Habermas is a patriot without being a jingoist. He is deeply committed to the democratic project of post-war West Germany, yet able to critique state policies and politicians when required. A man of the moderate Left, he was often set upon by extremists on either side. In the late 1970s, there was a wave of angry attacks on left-wing Germans as allegedly being against the nation. Conservative critics clubbed social democrats such as Habermas with Maoist revolutionaries. Habermas wrote in response that "[i]f this time around the left-wing intellectuals are declared to be the internal enemy, and if they are morally neutralized through public defamation, would that not amount to a serious weakening of the alliance of those individuals who, when necessary, confront the erosion of the republican identity of our polity?" These words resonate with the India of today, with Modi bhakts determined to damn independent intellectuals as 'anti-national' and 'urban Naxals', bringing down our few decent public universities and research centres in the process.

In 1995, the Italian weekly, L'Espresso, interviewed Habermas. They asked him: "What does it mean for you to be a German today?" Habermas answered: "To make sure that the fortunate date of 1989 [when the Soviet Empire collapsed] does not let us forget the instructive date of 1945 [when Nazism was finally defeated]." The relevant dates for Indian democrats today, perhaps, are 1977 and 1980. We must remember the fortunate date of 1977, when a coalition of democratic forces brought down the authoritarian regime of Indira Gandhi; and yet not forget the instructive date of 1980, when that coalition collapsed in confusion, allowing Indira Gandhi to come back to power.

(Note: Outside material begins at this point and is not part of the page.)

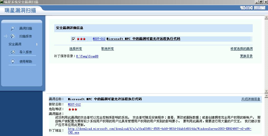 主要问题应该在瑞星.20.21.01版本根本就没有提示.之后的新版本提示有该问题.按照微软的UPDATE时间,每个月第二周的星期二出补丁.那么本次的升级中也不包含该漏洞.真奇怪的瑞星.估计瑞星技术员头脑发热吧.有环节写错了.哎.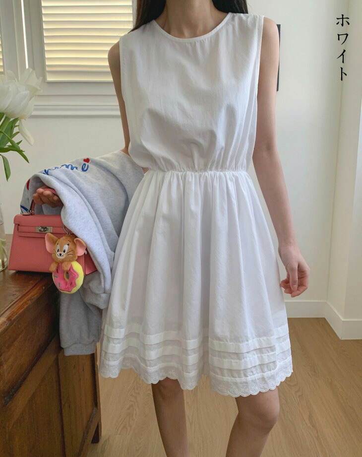 レース ノースリーブ ワンピース ワン

Reading this book made me wish that there be, one day, a similar biography of Amartya Sen. There are notable parallels between the two men. Both Habermas and Sen are great and genuinely trans-disciplinary scholars; both are also active public intellectuals, always willing to engage in debate on topical themes. Both were shaped by their early experiences, personal and social; Habermas by his cleft palate and the fall of Nazism, Sen by cancer and the partition of India. Both are greatly admired in their native country yet have a colossal international reputation. Both have been attacked by extremists of Left and Right while at the time being protected by a core of devoted disciples.

There are also differences. Habermas is a philosopher turned sociologist; Sen an economist turned philosopher. Habermas has always lived and worked in Germany; whereas Sen has spent much of his adult life out of his homeland. Habermas does not have the caché of the Nobel Prize (since none are awarded in his discipline); although he does have many other prizes in compensation.

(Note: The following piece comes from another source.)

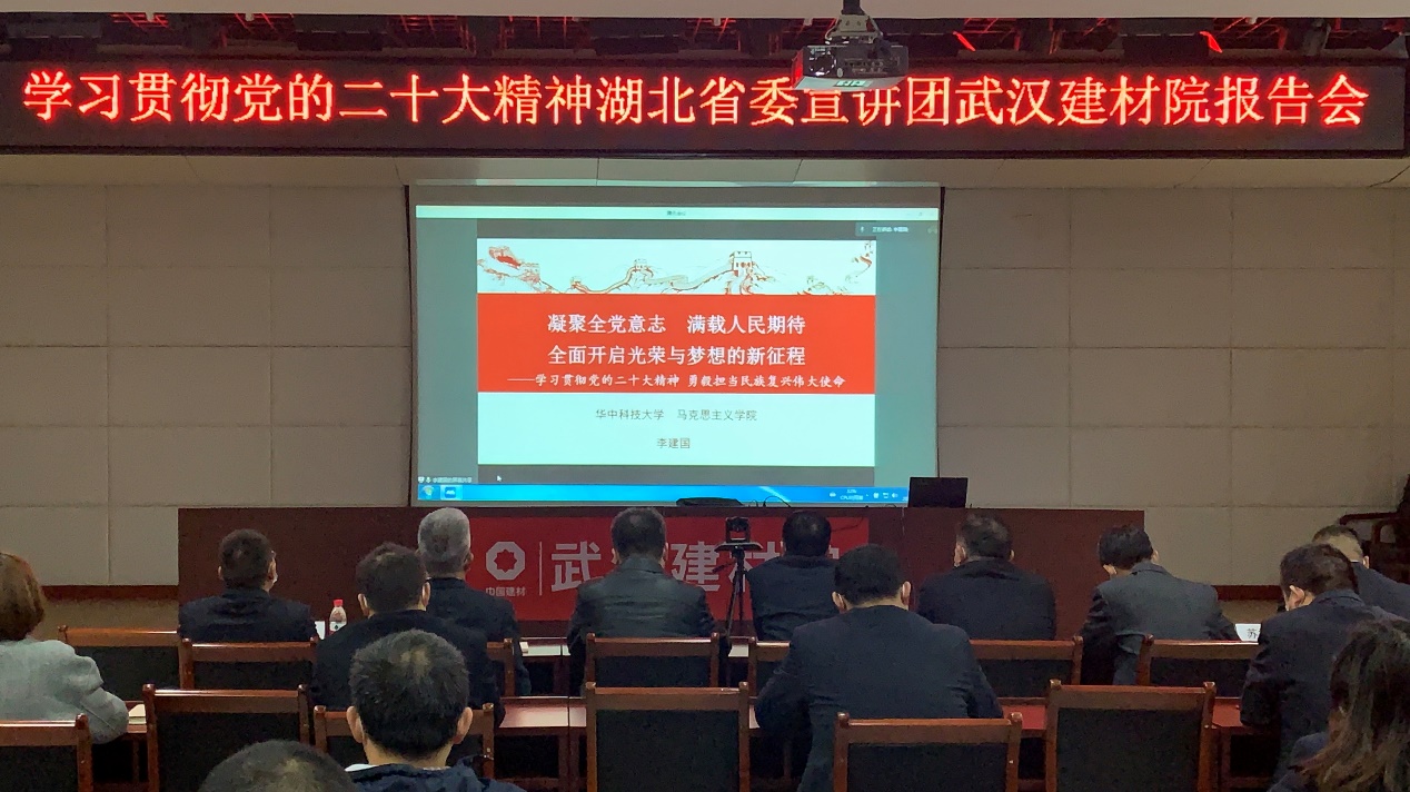11月23日上午,公司開展學(xué)習(xí)貫徹黨的二十大精神湖北省委宣講團(tuán)武漢建材院報(bào)告會(huì),由省委宣講團(tuán)成員、華中科技大學(xué)馬克思主義學(xué)院副院長(zhǎng)李建國(guó)教授就黨的二十大精神進(jìn)行宣講。

I enjoyed and learnt a great deal from Stefan Müller-Doohm's biography. If it has one fault, it is this; the book is very respectful, falling just short of being reverential. Perhaps being Habermas's student, living in the same country, and his subject still being alive contributed to this. I myself wish Amartya Sen many more years of productive intellectual work. I would very much wish for him to find a suitable biographer; this would have to be an economist familiar with philosophy, but who was not Sen's student, and who is not a Bengali.